Prediction Models for General Medical Patients with Infection (Infection Models)
| Characteristic | CHARM24 | PIRO24 | CURB-6524 | MEDS24 | SIRS24 | Modified Elixhauser Index25 | UVA20 |
|---|---|---|---|---|---|---|---|
| Purpose of analysis | Model development/internal validation | External validation/model comparison | External validation/model comparison | External validation/model comparison | External validation/model comparison | External validation | Model development/internal validation |
| Timing of predictor assessment | On admission | On admission | On admission | On admission | On admission | At diagnosis of comorbidity (ICD-9) | On admission |
| Number of candidate predictors | 62 | Not applicable | Not applicable | Not applicable | Not applicable | Not applicable | 13 |
| Predictors in final model (no.) | Absence of chills, anemia, hypothermia, malignancy, RDW (5) |
Age, bands >5%, BUN, COPD, HR, lactate, liver disease, malignancy, nursing home residence, other infection, platelet count, pneumonia, respiratory failure/hypoxemia, RR, SBP, skin/soft tissue infection (16)* | Age, BUN, confusion, RR, SBP or DBP (5)* | Age, altered mental status, bands >5%, lower respiratory tract infections, nursing home resident, platelet count, respiratory disease, septic shock, terminal disease (9)* | HR, RR or PaCO2, temperature, WBC count or bands >10% (4)* | Age, coagulopathy, congestive heart failure, fluid and electrolyte disorders, gender, ischemic heart disease, liver disease, lymphoma, metastatic cancer, other neurological disorders, renal failure, solid tumor without metastasis, weight loss (13) | HIV serostatus, HR, level of consciousness (GCS), RR, SBP, SpO2, temperature (7) |
| Method for handling missing data | Variables with more than 5% missing values were not considered candidate predictors | Not applicable | Not applicable | Not applicable | Not applicable | Not provided | k-nearest neighbors imputation† |
| Method for prediction model development | Logistic regression | Not applicable | Not applicable | Not applicable | Not applicable | Not applicable | Logistic regression; decision trees and linear regression |
| Method for selection of predictors during multivariable analysis | AIC | Not applicable | Not applicable | Not applicable | Not applicable | Not applicable | BIC |
| Calibration method (result) | Calibration plot and Hosmer-Lemeshow test (P = .42) | None | None | None | None | None | None |
| AUC value§ | Development: 0.77 (0.75-0.79); Validation: 0.76 (0.75-0.77) | 0.74 (0.72-0.77) | 0.68 (0.65-0.70) | 0.67 (0.64-0.69) | 0.58 (0.56-0.61) | 0.72 (0.71-0.74) | 0.75 (0.72-0.77) |
| Type of validation | Internal | External | External | External | External | External | Internal |
| Method of validation | Temporal data split | Different time, area, and investigators | Different time, area, and investigators | Different time, area, and investigators | Different time, area, and investigators | Different time and area | 10-Fold cross-validation |
Predictors of PIRO, CURB-65, MEDS, SIRS were extracted from references in Chen (2017).24
Variables with more than 50% missing values were excluded. Hospital mortality and HIV serostatus were not imputed.

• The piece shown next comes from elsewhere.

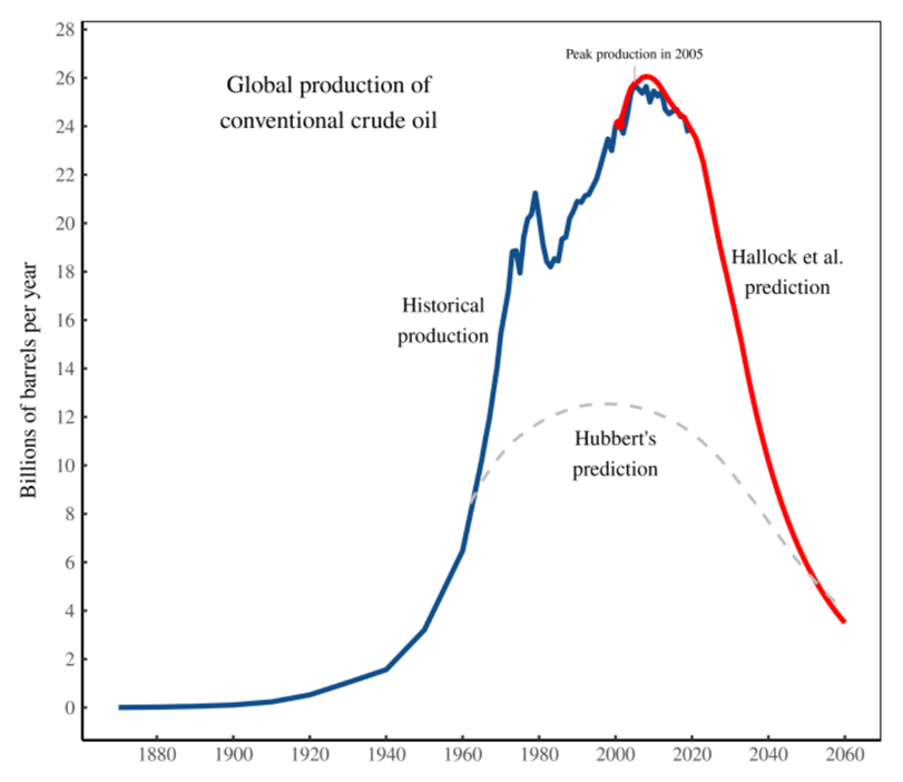According to Toronto-based political economist Dr Blair Fix, the current plateau and decline of conventional oil production has closely tracked a peer-reviewed model produced by Dr John Hallock Jr of the New York State Department of Transportation.
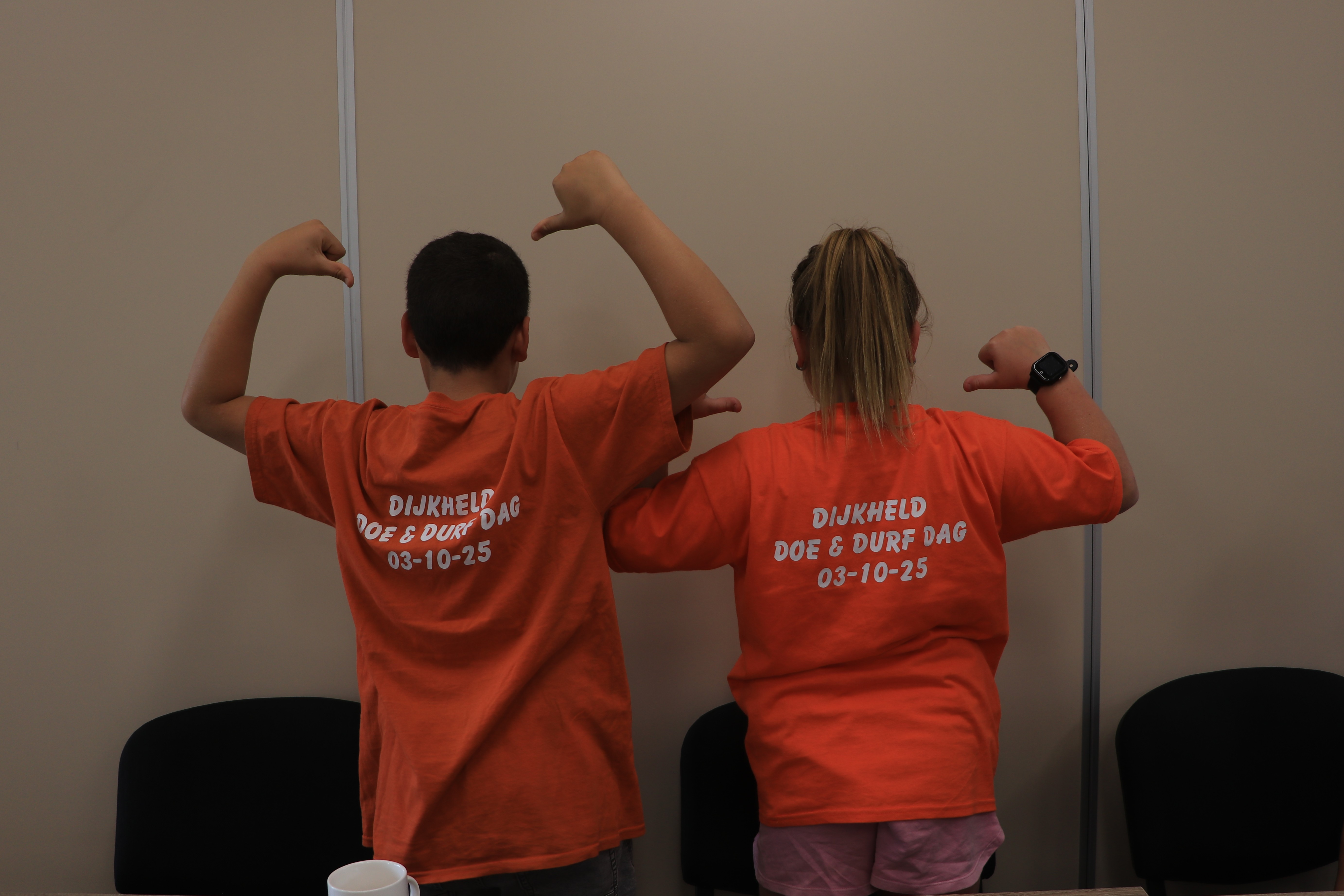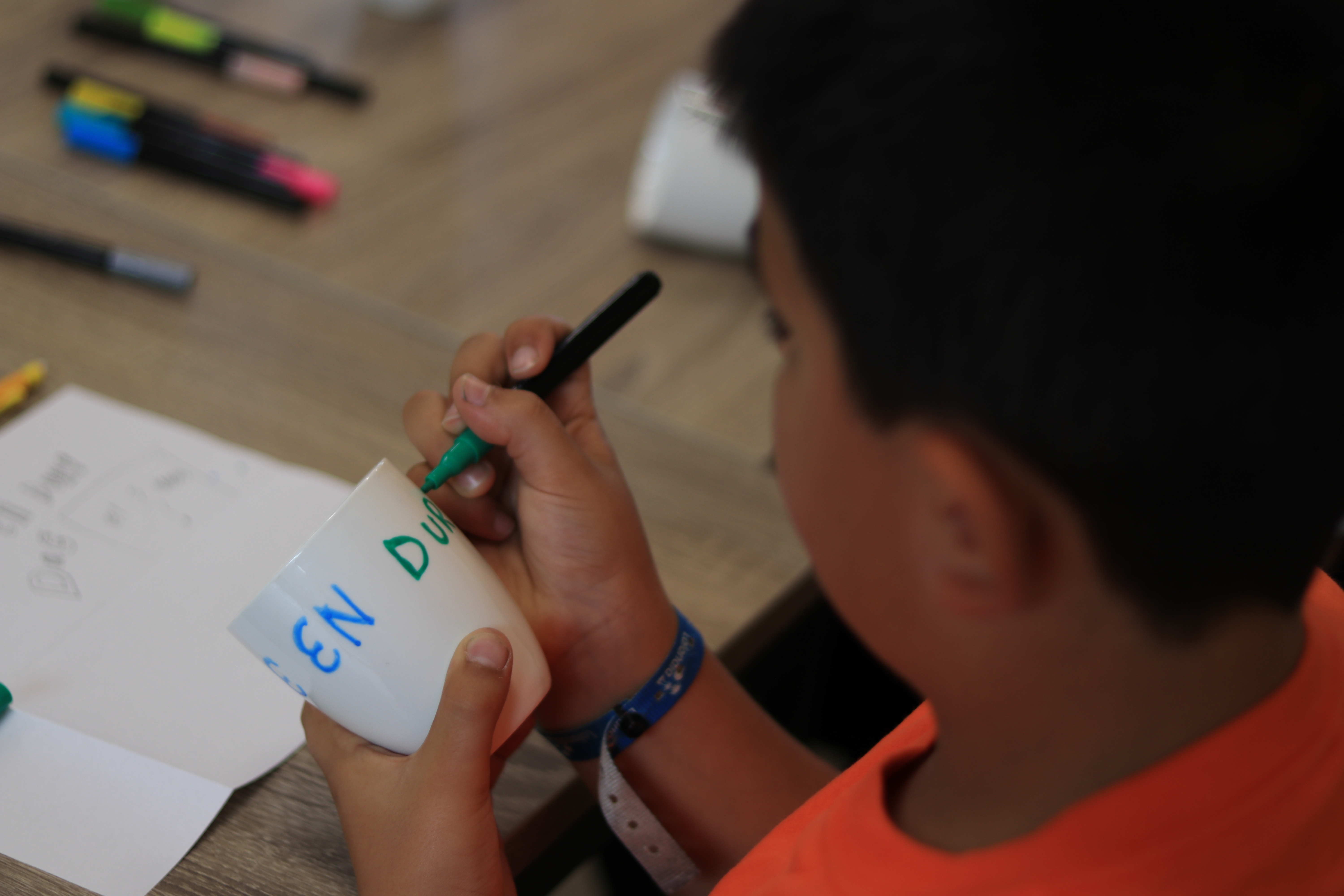 Nadat de stand van zaken is doorgenomen, worden de jonge vrijwilligers aan het werk gezet. Er moeten nog cadeautjes gemaakt worden voor de mensen die helpen bij de Doe & Durf dag, als bedankje. Daarvoor versieren ze elk drie mokken.

Rounded to 2 decimal places.
Abbreviations listed in Supplemental Table 13 (available online).
Quality and Applicability Assessment
Based on PROBAST criteria, all general models had an overall high risk of bias (Supplemental Figure 1A, available online). All general models had low risk of bias for the Participant domain, indicating the appropriateness of the populations for our study. For the Predictors domain, 4 of 10 general models had a low risk of bias. Common reasons for high risk of bias were the timing of predictor measurement and availability of predictors on admission, in particular for models requiring laboratory data19,20,22,23 or ICD codes18,21, 22, 23 (Supplemental Table 10, available online). For the Outcomes domain, 5 of 10 general models had an unclear risk of bias, attributed to unclear duration from predictor measurement to hospital mortality. All general models had high risk of bias for the Analysis domain because none of the studies reported both model calibration and discrimination. MEWS,20 qSOFA,20 NEWS,19 and the model by Soffer (2020)23 had low concern for applicability to predict hospital mortality for all general medical patients (Supplemental Figure 1C, available online).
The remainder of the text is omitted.